Chicago: My kind of (NATO) town

At the Chicago NATO summit it will be crucial to identify the backstage players and their long-term strategy.

Nato Foreign Affairs Council
Officials from more than 50 states are expected at the NATO summit in Chicago [EPA]


Hong Kong, China –
Lock down. A ring-of-steel. An ocean of Chicago cops. The Secret Service. The National Guard. Security perimeters. Steel fencing. Concrete barriers. Upgraded riot gear. Mayor Rahm Emanuel – former White House Chief of Staff and President Obama confidante – targeting “strategic areas”. “Extraction teams” ultra-ready to snatch and grab pinpointed protesters in a “low intensity conflict” environment.

Last but not least, the LRAD (long-range acoustic device) – a sound cannon more lethal than Metallica on a bad night, bound to “ensure a consistent message is delivered to large crowds”, according to the Chicago Police Department.

What’s that? Baghdad under the surge? A remake of The Blues Brothers, starring the ghost of John Belushi and Obama as Aretha Franklin (or James Brown)?

“There’s also increased awareness in the US of how the G8 and NATO – both unelected and unaccountable – are essentially tools of the 0.1 per cent.
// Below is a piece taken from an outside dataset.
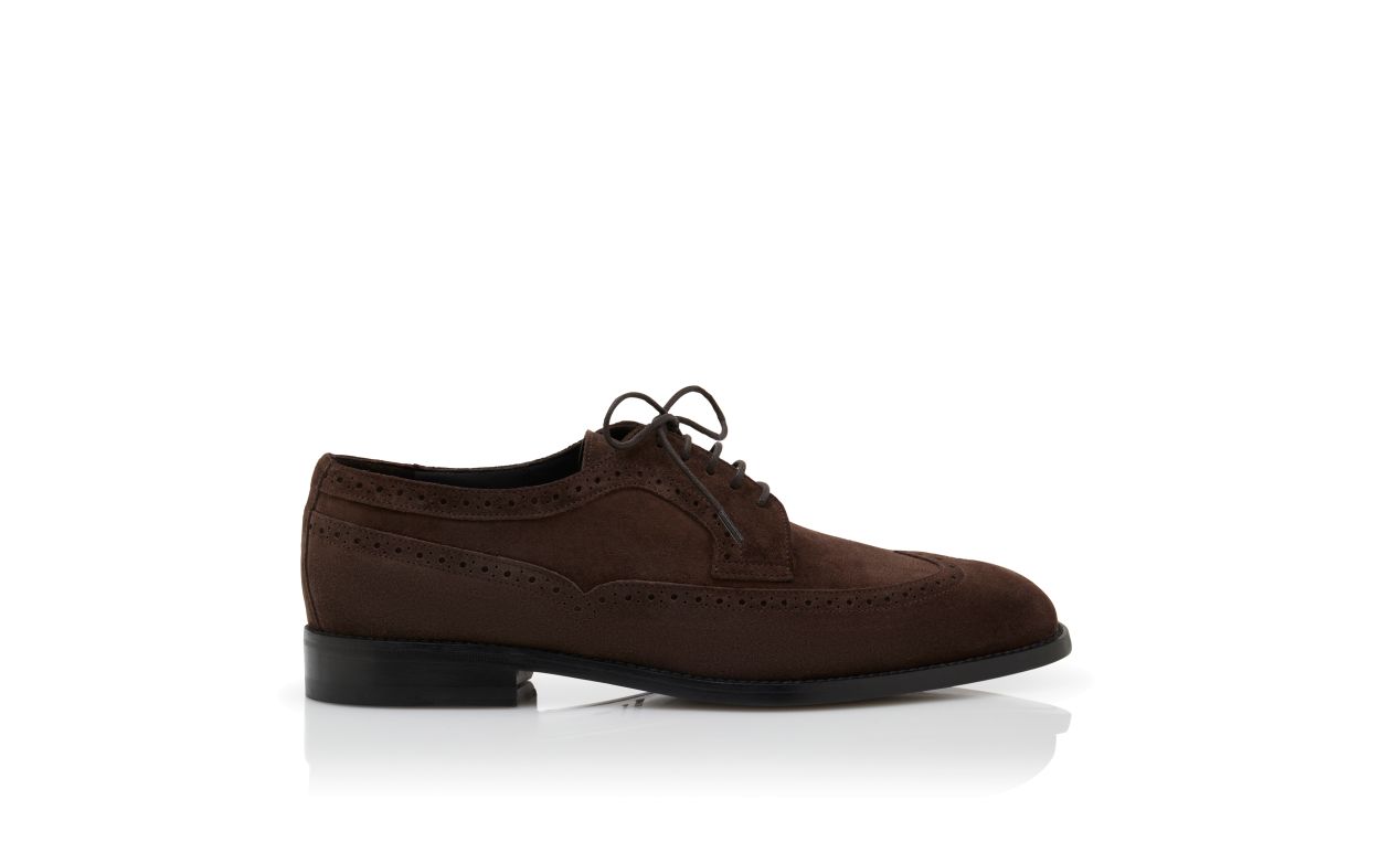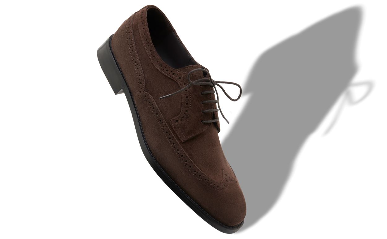 Dark brown suede Derbys featuring broguing details and waxed cotton laces.Upper: 100% calf suede. Sole: 95% calf leather, 5% rubber. Lining: 100% calf leather. Heel measures 10 mm. UK sizing. Made in Italy.

No: it’s NATO taking over Chicago for its 25th summit. Make no mistake; “We’re on a mission from God”.

Unthinkably thinkable

Not immune to the dire extrapolations of “low intensity conflict”, the Obama administration shifted the G8 summit – which is preceding NATO’s – from Chicago to the isolated Camp David. Still, there will be protests. There may be blood. Because there’s also increased awareness in the US of how the G8 and NATO – both unelected and unaccountable – are essentially tools of the 0.1 per cent.
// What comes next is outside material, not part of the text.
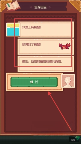 生存日志提示沙滩上有螃蟹,快去找它们吧!了解动植物能提供的食物,点击【好】继续游戏,保存你的精力。
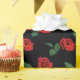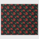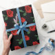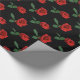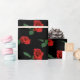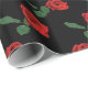 Este elegante papel de embrulho apresenta um padrão de abstrato repetido de uma rosa vermelha solteiro com folhas verdes sobre fundo preto puro.

The Chicago summit will amplify the “Strategic Concept” NATO adopted at the Lisbon summit in November 2010.

It’s crucial to identify the backstage players. The “concept” was devised by a selected group of wise men (and a woman), co-chaired by former US Secretary of State Madeleine Albright and Jeroen van der Veer, CEO of Royal Dutch Shell up to June 2009.

Talk about a Western-centric corporate/military/energy symbiosis.

Before this Third Millennium NATO concept was announced, the chairman of Lloyd’s of London and former director of French energy giant Total, Lord Levene of Portsoken, alongside NATO Secretary-General Anders Fogh Rasmussen, characterised it as just a “fresh approach to managing risk”.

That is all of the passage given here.